Cerita ini berawal saat saya dan Bapak duduk di beranda depan rumah dan cerita tentang segala cerita. Bapak mengutarakan keinginannya untuk mencari sahabatnya saat mondok dulu di Tambak Beras, Jombang. Saya pun meng-iya-kan untuk mengantar Bapak mencari beliau-nya. Akhirnya saat ramadhan kemarin saya mengantar Bapak ke Jombang untuk menemui beliau. Ini tempat-tempat yang saya kunjungi saat ramadhan tahun lalu dalam pencarian sahabat Bapak ini -> https://tiwwidy.wordpress.com/2013/07/26/spiritual-journey-jombang-beriman/

Lima puluh tujuh tahun tak kesana, Bapak pun terkejut melihat pembangunan daerah Tambak Beras yang sangat luar biasa. Hampir tak ada rumah kosong dan hampir setiap jalan ada pondoknya yang dulu hanya beberapa. Yang dulunya padang ilalang sekarang sudah berubah menjadi rumah gedongan. Yang dulunya hanya surau kecil dari bambu sekarang sudah berubah menjadi pondok megah dari batu.

Setelah kesekian kalinya bertanya sana-sini dan hampir tak ada orang yang merasa tak asing dengan nama sahabat Bapak, sebut saja Pak Fatkhi, akhirnya kami memutuskan untuk istirahat di Masjid Kauman. Saya pun ditanya oleh seorang ibu yang sedang sholat dan saya ceritakan maksud saya datang ke Jombang. Alhamdulillah ternyata seorang Ibu itu kenal saudara dari Pak Fatkhi yang ternyata tak jauh dari Masjid Kauman, Jombang.

Setelah sholat dhuhur, saya dan Bapak pun bergegas pergi ke rumah saudaranya yang ternyata Pak Fatkhi sekarang tinggal di Jakarta sudah demikian lamanya. Bapak pun minta alamat beliau di Jakarta dan berniat mencarinya jika ada kesempatan. Akhirnya, kemarin 10 April 2014 saya dan Bapak pun bertolak ke Jakarta untuk menghadiri wisuda Magister-nya kakak saya nomor dua dan juga mencari sahabat Bapak, Pak Fatkhi.

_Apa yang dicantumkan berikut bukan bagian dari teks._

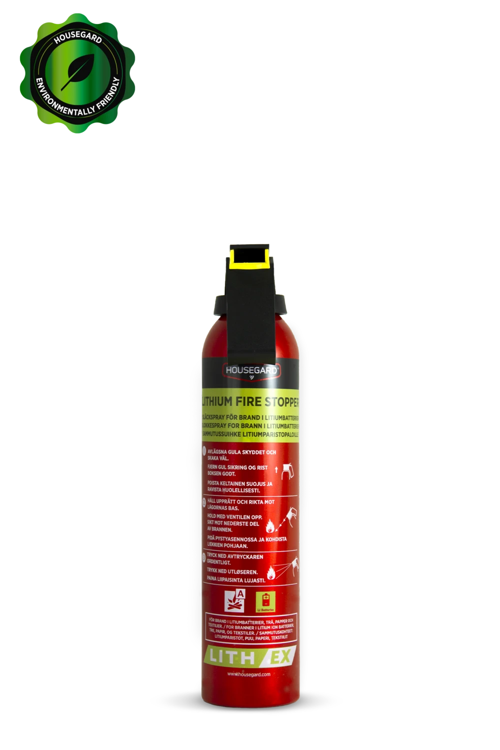 Lith-EX er en unik slukkespray som er spesielt utviklet for å bekjempe litiumionbatteribranner av en begrenset størrelse. Slukkesprayen inneholder slukkemiddelet AVD. Egnet for bruk i hjemmet, hotellrom og kjøretøy.

Ba’da Jumat, 11 April 2014, saya, Bapak, mas, mbak dan dua keponakan menuju alamat rumah yang diberikan. Alamatnya di kompleks perumahan BPK II Kebonjeruk yang mas saya tau disekitar studio RCTI. Ternyata disitu kompleks BPK VI. Akhirnya muter-muter mencari selama beberapa jam, singkatnya kami menemukan rumah beliau. Namun Pak Fatkhi-nya masih ada tugas. saat ditelephone, Bapak pun tak kuat saat mengatakan ingin bertemu dan njaluk sepuro. Akhirnya kami memutuskan untuk pulang dan kembali lagi ba’da maghrib saat beliau sudah di rumah.

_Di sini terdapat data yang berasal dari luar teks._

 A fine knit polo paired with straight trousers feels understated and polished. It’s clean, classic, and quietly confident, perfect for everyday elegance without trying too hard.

Ba’da maghrib kami berangkat lagi ke kawasan kebon jeruk dan Bapak pun bertemu lagi dengan sahabatnya. Ternyata lima puluh tujuh tahun mampu mengubah fatkhi kecil menjadi orang tua yang Bapak pun pangling dengan beliau sekarang begitu juga sebaliknya. Mereka pun saling bercerita mengenang masa lalu dan menanyakan kawan lain yang ternyata sudah banyak dari mereka yang meninggal. Terang saja, Bapak sekarang 77 tahun dan Pak Fatkhi 68 tahun.

Setelah Lima Puluh Tujuh Tahun akhirnya bertemu kembali

Setelah Lima Puluh Tujuh Tahun akhirnya bertemu kembali

Kekuatan Silaturahmi.. :')

Kekuatan Silaturahmi.. :’)

Ada banyak cerita yang mereka saling ceritakan yang aku kagum mendengarkannya. Dari mulai permohonan maaf karena buku nahwu Pak Fatkhi yang dibawa Bapak, santri yang mencuri pepaya di pekarangan pak yai-nya, seorang said yang tidak bisa membaca namun selalu membawa dua pulpen dan beralasan mengantuk jika diminta untuk membacakan sesuatu, tentang yaa-sin dan mak lah yang memasak di dapur, dan banyak cerita lainnya yang insyaAllah akan saya tulis jika ada kesempatan panjang untuk menulis.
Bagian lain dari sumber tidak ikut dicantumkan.